== Segment start ==

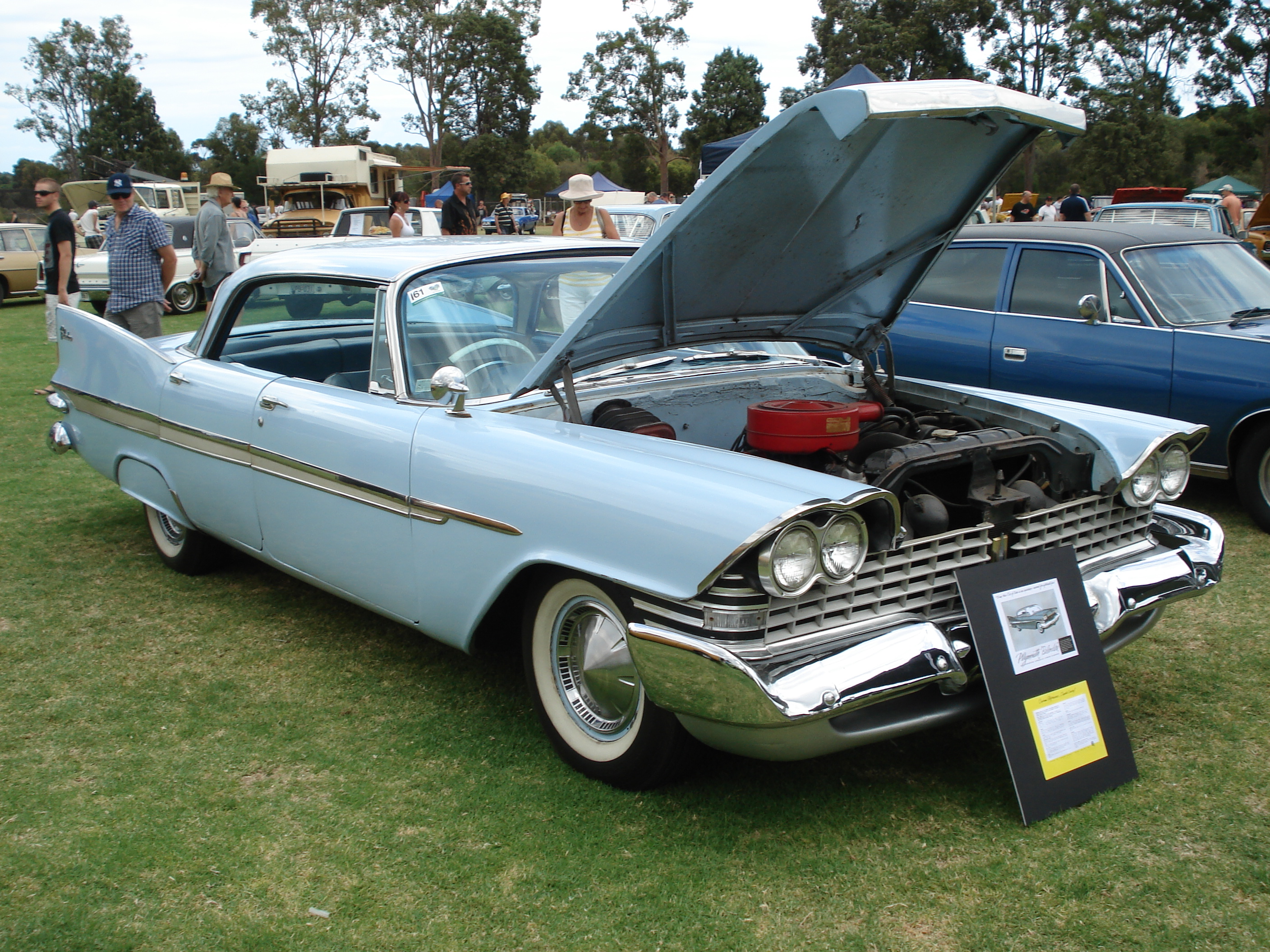 1959 Plymouth Belvedere 4-door Hardtop. The fact that it is right hand drive and that it was displayed with an Australian '59 Plymouth Belvedere brochure suggests that this example is an Australian assembled Belvedere Nov 26, 2018...I would be more likely to believe this model was made and built in Canada for export. Chrysler of Canada made many late 50's car for this purpose complete with right hand drive and speedometers in Kilometers Per hour, the net has other models that went to Europe and even South Africa from this era. To add, although beautiful this car is a out of place egg in Australia. The tooling alone to be built there would not justify the cost for maybe a handful of cars, cars that share no resemblance to Australian built Chrysler's of there era. No doubt someone had a deep pocket down under back then...... PS, Ford and General motors did the same, a rare handful at the time and as this Plymouth even rarer today.
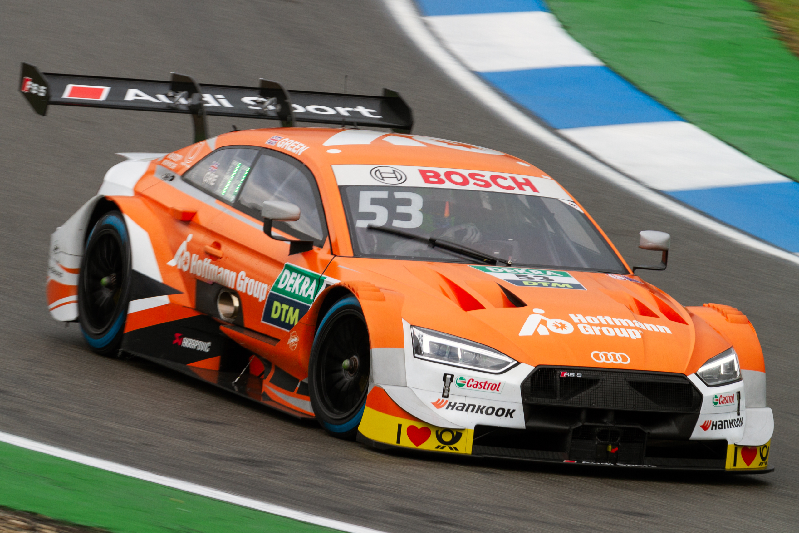 2019 DTM Hockenheimring (May): Audi RS5 Turbo DTM of Jamie Green
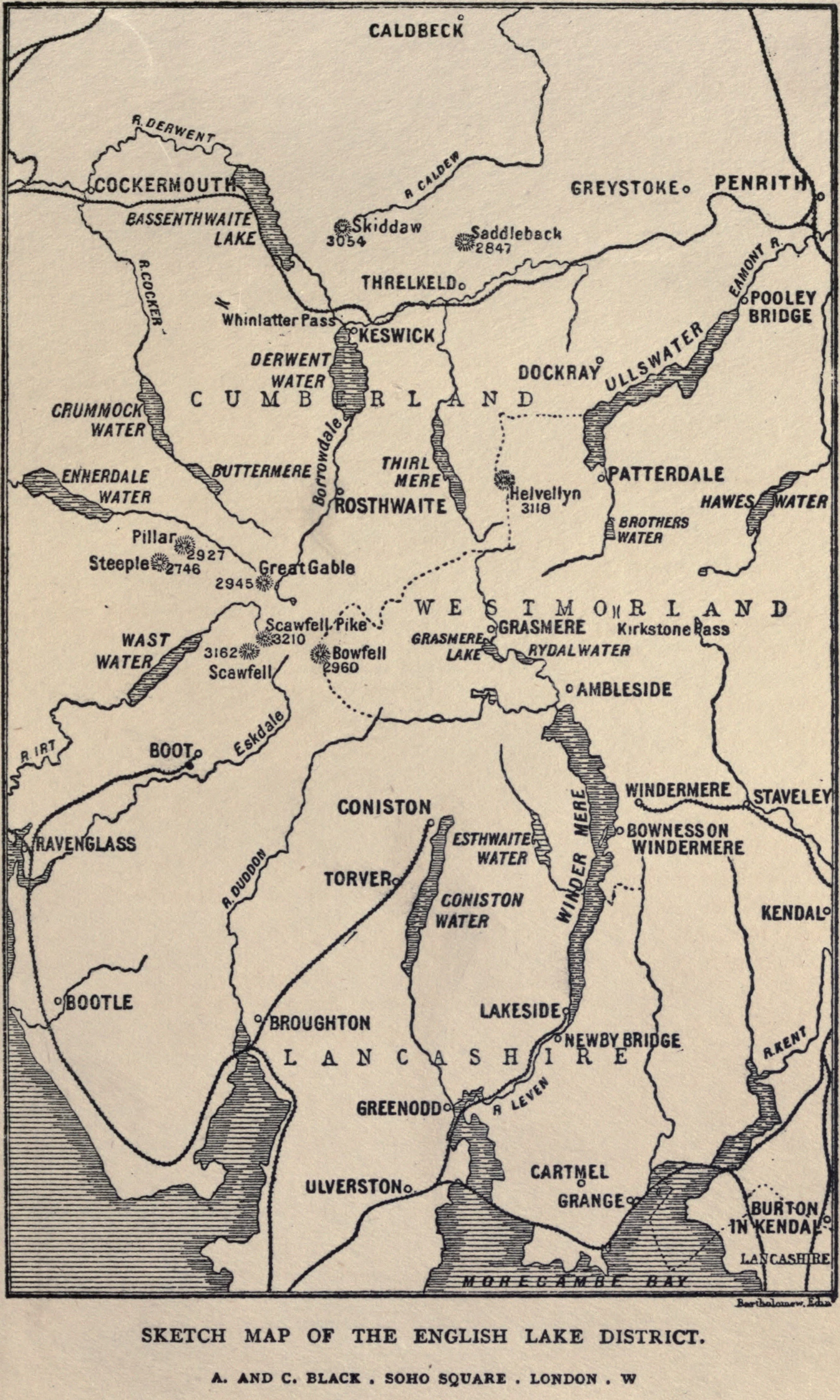 Sketch Map of the English Lake District.
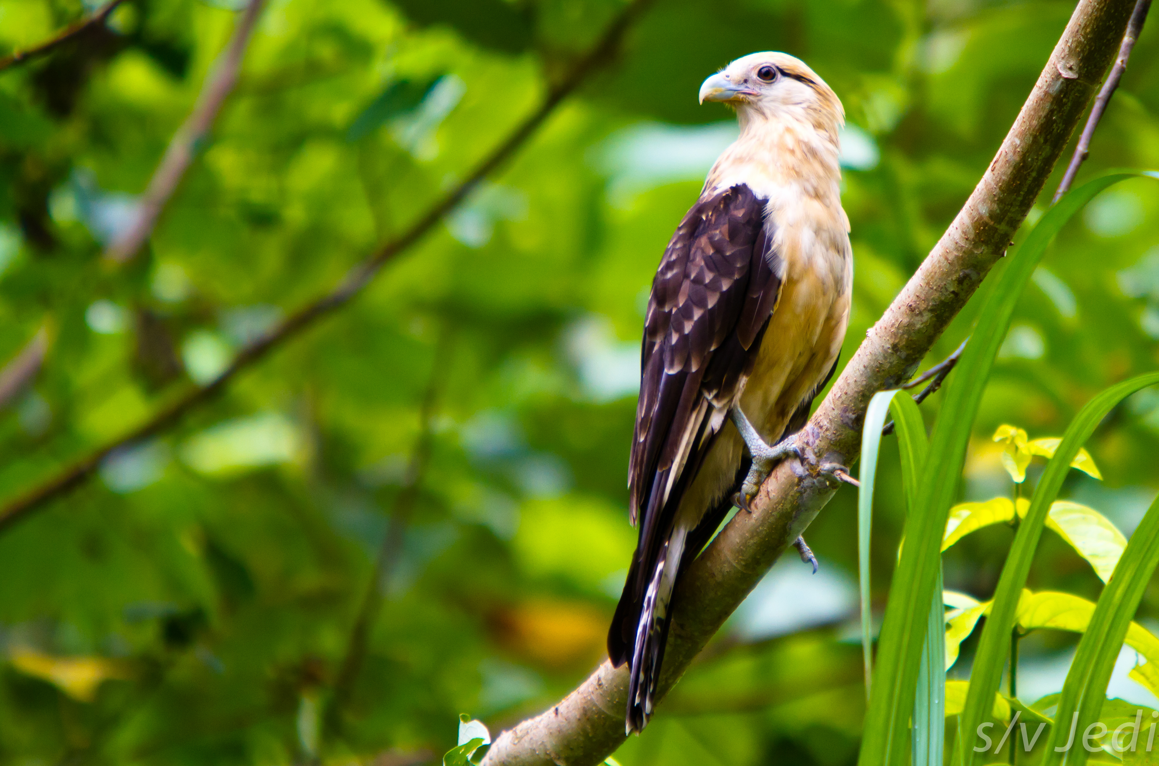 Yellow-headed Caracara from Colon province, Panama.

== Segment end ==

■ Goal of the exercise:
Skip every picture and retype only the lines from the line with "2019 DTM Hockenheimring" through the last line of the listing, both ends included, exactly as they appear.

■ Exercise response:
 2019 DTM Hockenheimring (May): Audi RS5 Turbo DTM of Jamie Green
 Sketch Map of the English Lake District.
 Yellow-headed Caracara from Colon province, Panama.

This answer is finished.